Rollback on mid-operation failure seems to be best-effort here.
What happens if the rollback itself errors?
There was a problem hiding this comment.
Will it leave orphaned Phase-1 components?
There was a problem hiding this comment.
Fixed in e604bdc.
After auditing DrasiLib::remove_* (drasi-lib 0.6.0), the realistic failure surface in this call site is very narrow — every cloned component is forced to auto_start = false, rollback removes in dependent-first order (reactions → queries → sources), teardown of a never-started component with cleanup = false is essentially a runtime-map removal, and graph deregister failures are absorbed inside remove_*. The remaining failure modes are concurrent-mutation races (no instance-wide lock) and bugs in drasi-lib internals; neither is improved by refusing to roll back or retrying.
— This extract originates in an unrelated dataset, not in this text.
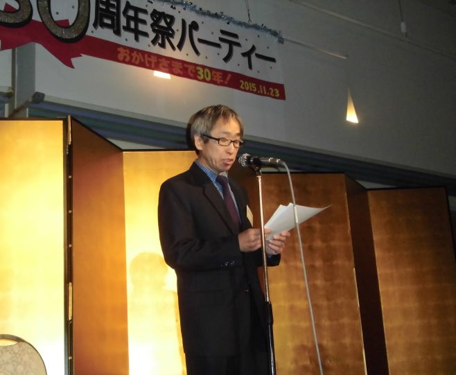 シネ・ウインド座付き詩人・鈴木良一さんによる30年記念の自作詩朗読からスタートしたパーティーは、華やかなかにもアットホームな雰囲気をたたえつつ、大いに盛り上がりました。

So rather than restructure the rollback flow, this commit makes the existing best-effort behavior observable:
- Doc block above
rollback_sources/queries/reactionsdocuments why best-effort is safe at this call site and what the realistic failure modes are. - Rollback helpers now return
Vec<String>of human-readable failure descriptions (e.g."source 'pg1': <err>") instead of(). - Promoted rollback log lines from
warn!toerror!so they appear at default log level. - New
clone_errorhelper builds theErrorResponsewith collected rollback failures threaded intoErrorDetail::technical_details(per project convention — never embedded inmessage). All 5 phase-failure paths inclone_instanceuse it. HTTP status, error codes, and primarymessageare unchanged. An operator who hits the rare race now gets a structured list of any orphans for manual cleanup instead of a200-success-shaped void.
No new tests — the failure paths can't be exercised reliably without monkey-patching drasi-lib internals.
|
|
||
| /// Helper function to persist configuration after a successful operation. | ||
| /// Logs errors but does not fail the request - persistence failures are non-fatal. | ||
| pub async fn persist_after_operation( |
There was a problem hiding this comment.
This logs persistence errors and returns OK. Is this being surfaced to the caller of the operation?
There was a problem hiding this comment.
Fixed in e2952e9.
persist_after_operation now returns Result<(), ErrorResponse> carrying a new PERSISTENCE_FAILED error code (HTTP 500). All 12 call sites across source/query/reaction/instance/clone handlers ?-propagate the result, so a YAML write failure is now surfaced to the API caller instead of being silently logged. The high-level message documents that the in-memory change was applied but not persisted (recommend retry/restart); the underlying error is placed in ErrorDetail::technical_details per the project convention (no raw errors embedded in message, now also documented in CLAUDE.md).
Unit tests in src/persistence.rs cover both the failure path (chmod the config dir to 0o555 mid-flight, assert correct code/message/technical_details) and the None no-op path. cargo clippy --all-targets is clean and cargo test passes (289 lib + integration suites).
| // Parse the schema map | ||
| let schema_map: serde_json::Map<String, Value> = match serde_json::from_str(schema_map_json) { | ||
| Ok(Value::Object(map)) => map, | ||
| Ok(_) | Err(_) => { |
There was a problem hiding this comment.
Will we warn and return empty error vector for invalid json?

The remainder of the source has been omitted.